Exercise
In the records below, repeat exactly the lines between the line holding "スリムカーキスタンダードカジュアルパンツ スプリング レトロ" and the line holding "- Gerenciar gateways de pagamento.", inclusive, and drop the pictures.

Records for processing
----------
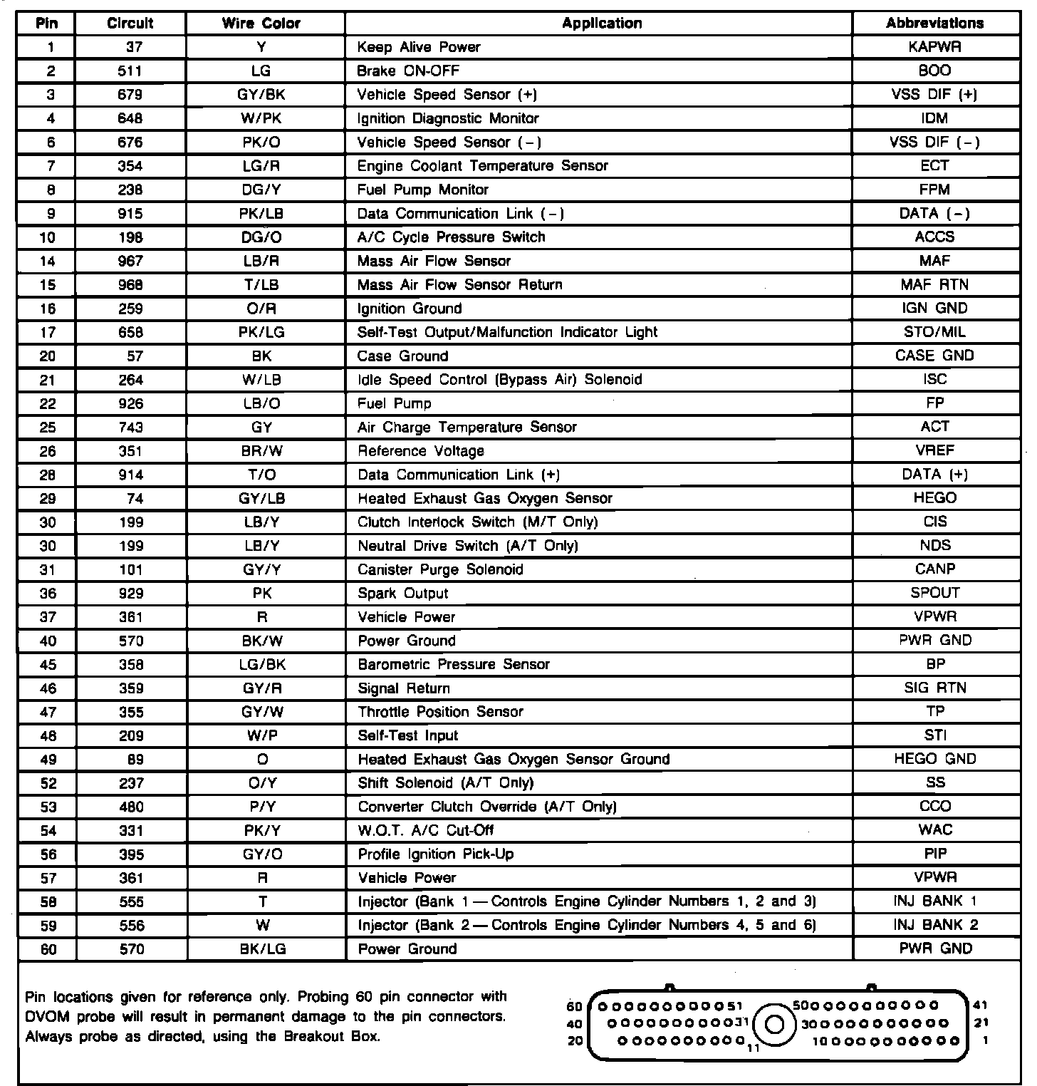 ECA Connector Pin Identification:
----------
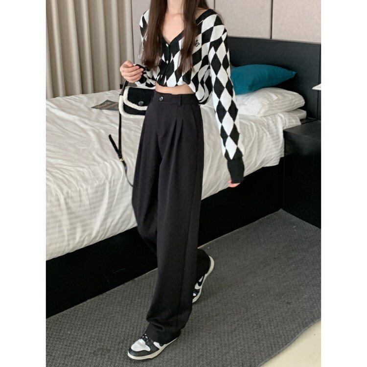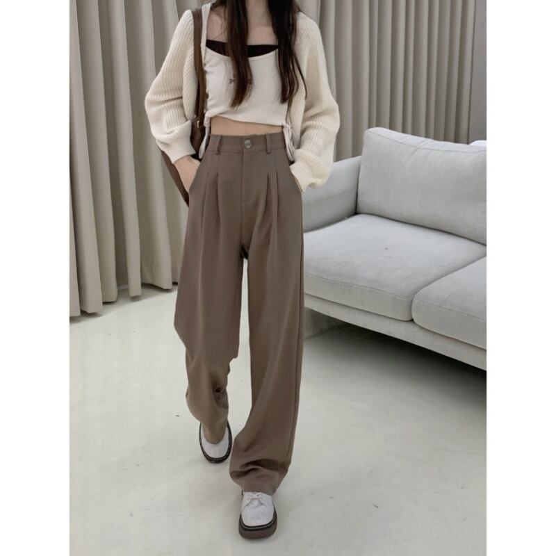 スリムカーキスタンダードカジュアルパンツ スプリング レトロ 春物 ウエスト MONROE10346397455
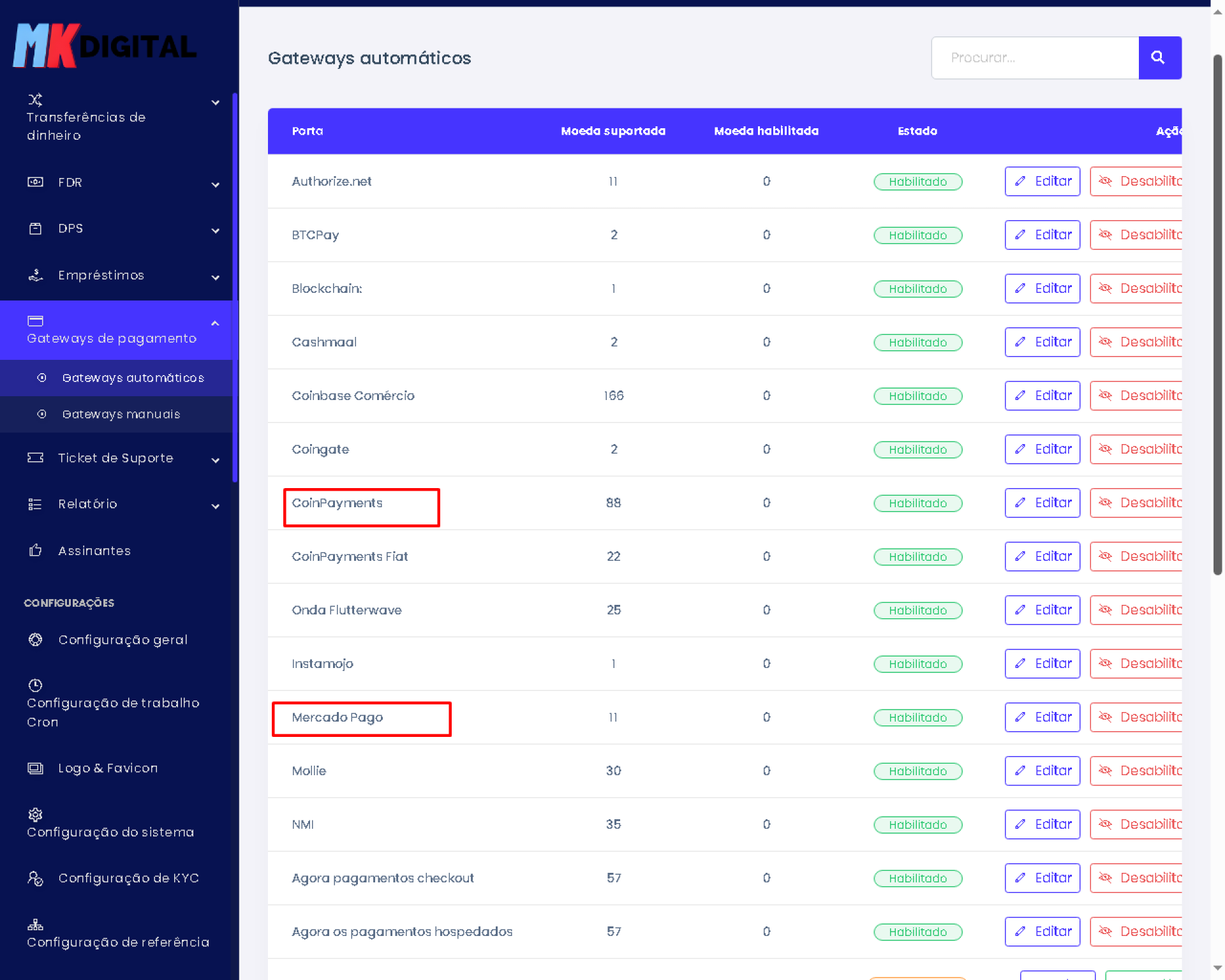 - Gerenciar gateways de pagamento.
----------
Solution for this exercise
 スリムカーキスタンダードカジュアルパンツ スプリング レトロ 春物 ウエスト MONROE10346397455
 - Gerenciar gateways de pagamento.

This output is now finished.